What is required »
For every line below, output the text exactly and leave out images.

::: Given data :::

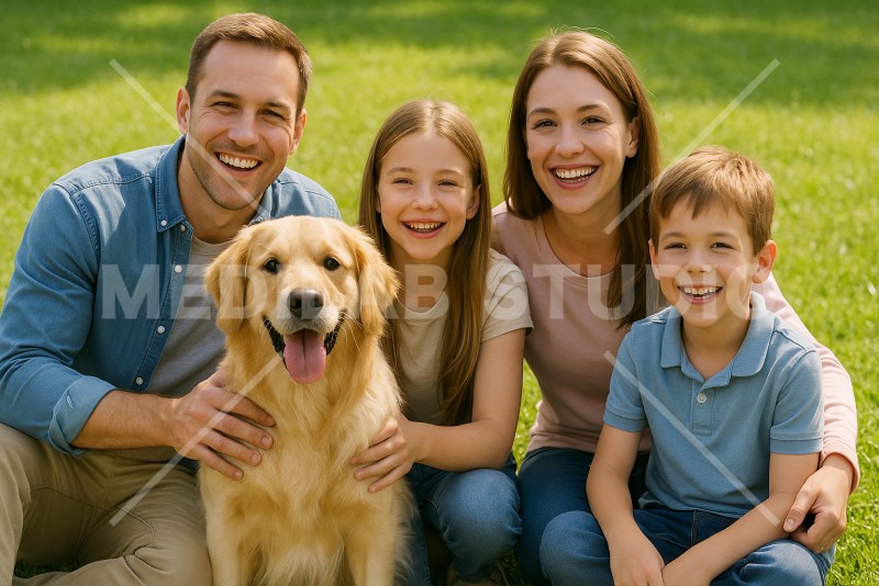 大型犬(ゴールデンレトリバー)を飼っている外国人一家の集合写真。芝生の上でさわやかなイメージ。
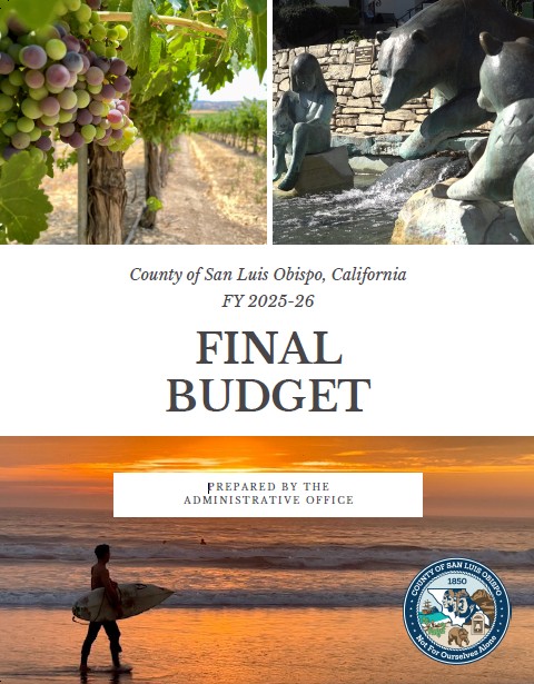 The County's budget is perhaps the most important document published by the County of San Luis Obispo. It serves as the most concrete expression of public policy. Think about your personal finances. How you spend your money reflects your goals. Similarly, how the County spends public funds reflects what the County hopes to accomplish in a given fiscal year. The budget is tied to priorities, plans and specific projects approved by the County Board of Supervisors.
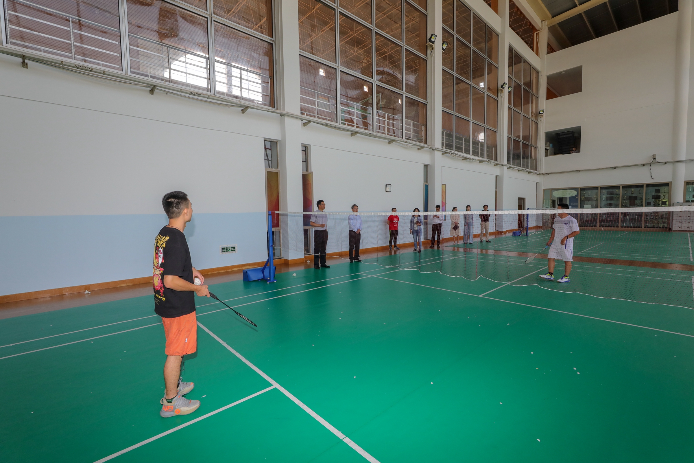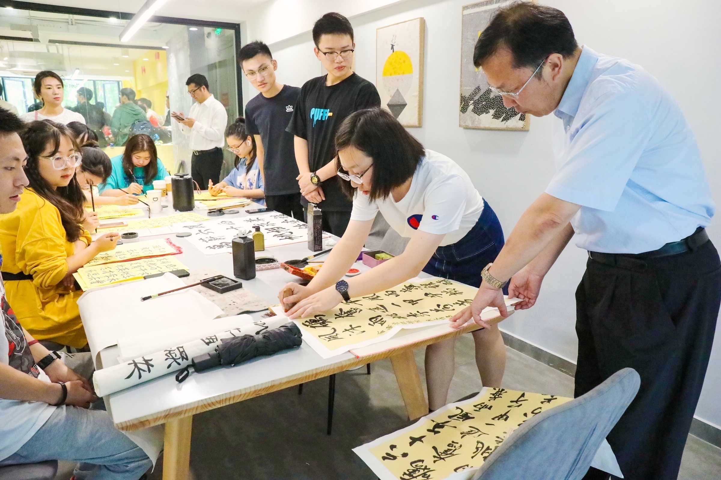 校领导来到学生社区与留校学生进行了亲切的交流,关心同学们假期生活情况,向同学们致以节日的问候。在交流的同时,校领导也饶有兴趣地和同学们一同参与了“四史”和校史知识大闯关、校庆主题油画创作等趣味挑战,体验了学生社区茶艺、书法等中国传统文化技艺,观看了爱国电影、师生足球赛,参加了新生班会等活动。

:::

Your response »
 大型犬(ゴールデンレトリバー)を飼っている外国人一家の集合写真。芝生の上でさわやかなイメージ。
 The County's budget is perhaps the most important document published by the County of San Luis Obispo. It serves as the most concrete expression of public policy. Think about your personal finances. How you spend your money reflects your goals. Similarly, how the County spends public funds reflects what the County hopes to accomplish in a given fiscal year. The budget is tied to priorities, plans and specific projects approved by the County Board of Supervisors.
 校领导来到学生社区与留校学生进行了亲切的交流,关心同学们假期生活情况,向同学们致以节日的问候。在交流的同时,校领导也饶有兴趣地和同学们一同参与了“四史”和校史知识大闯关、校庆主题油画创作等趣味挑战,体验了学生社区茶艺、书法等中国传统文化技艺,观看了爱国电影、师生足球赛,参加了新生班会等活动。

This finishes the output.